What STP volume of oxygen gas is obtained from the electrolysis of 140.0mLof water? (Hint: The density of water is 1.00g/mL.)
To find the volume of oxygen gas obtained from the electrolysis of water, we need to use the concept of stoichiometry and the ideal gas law at standard temperature and pressure (STP).
First, let's write the balanced equation for the electrolysis of water:
2H₂O(l) → 2H₂(g) + O₂(g)
The equation tells us that for every 2 moles of water, we obtain 1 mole of O₂ gas.
Next, we can calculate the number of moles of water using its volume and density. Given the volume of water is 140.0 mL and the density of water is 1.00 g/mL, we can convert the volume of water to grams:
Mass of water = Volume of water × Density
Mass of water = 140.0 mL × 1.00 g/mL = 140.0 g
Now, we can convert the mass of water to moles using the molar mass of water. The molar mass of water (H₂O) is:
2(1.01 g/mol of H) + 16.00 g/mol of O = 18.02 g/mol
Number of moles of water = Mass of water / Molar mass of water
Number of moles of water = 140.0 g / 18.02 g/mol ≈ 7.772 mol
According to the balanced equation, for every 2 moles of water, we obtain 1 mole of O₂ gas. Therefore, the number of moles of O₂ gas produced will be half of the moles of water.

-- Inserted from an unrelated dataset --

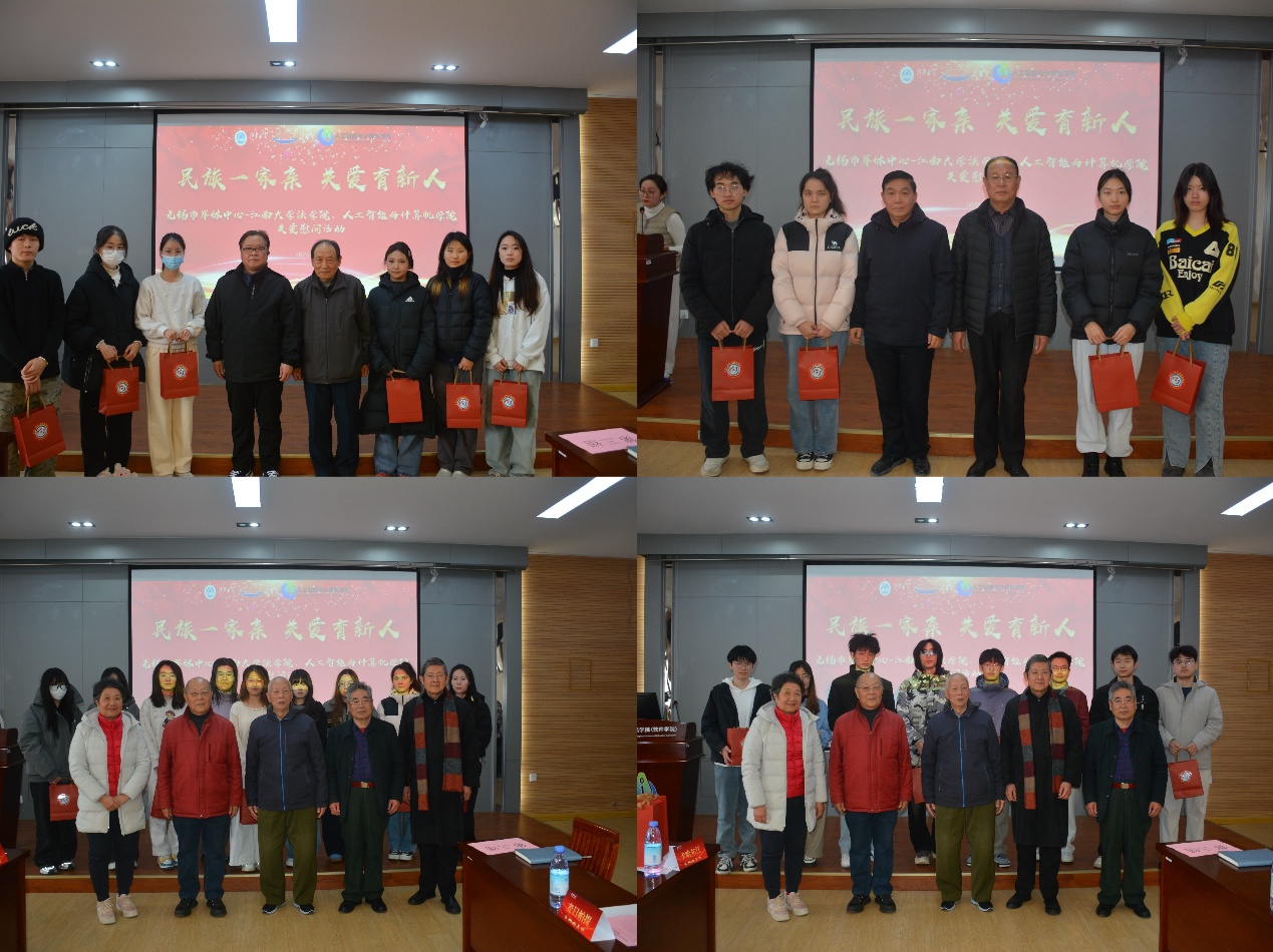 岁末暖冬聚温情,民族团结谱新篇。2025年12月31日下午,江南大学人工智能与计算机学院B310活动室暖意融融,无锡市军休中心与江南大学人工智能与计算机学院、法学院联合举办的“民族一家亲,关爱育新人”新春慰问活动在此圆满举行。无锡市军休中心党委委员、副主任黄正国,各服务站领导及军休干部代表,江南大学法学院党委副书记、副院长顾云艳,人工智能与计算机学院党委副书记、副院长王莉莉,两院辅导员及36名少数民族学生代表齐聚一堂,共话军民情谊,共叙民族团结。

Number of moles of O₂ gas = 1/2 × Number of moles of water
Number of moles of O₂ gas = 1/2 × 7.772 mol ≈ 3.886 mol
Finally, we can use the ideal gas law at STP to calculate the volume of O₂ gas.
The ideal gas law is given by:
PV = nRT
Where:
P = Pressure (STP: 1 atm)
V = Volume of the gas
n = Number of moles of the gas
R = Ideal gas constant (0.0821 L·atm/mol·K)
T = Temperature in Kelvin (STP: 273 K)
Rearranging the ideal gas law to solve for volume (V), we have:
V = nRT / P
Substituting the known values:
V = 3.886 mol × 0.0821 L·atm/mol·K × 273 K / 1 atm
V ≈ 87.5 L
Therefore, the volume of oxygen gas obtained from the electrolysis of 140.0 mL of water is approximately 87.5 L at STP.
2H2O ==> 2H2 + O2
Use density to convert 140 mL H2O to grams.
Convert g H2O to mols. mols = grams/molar mass.
Use the coefficients in the balanced equation to convert mols H2O to mols O2.
Then L O2 = mols O2 x 22.4 L/mol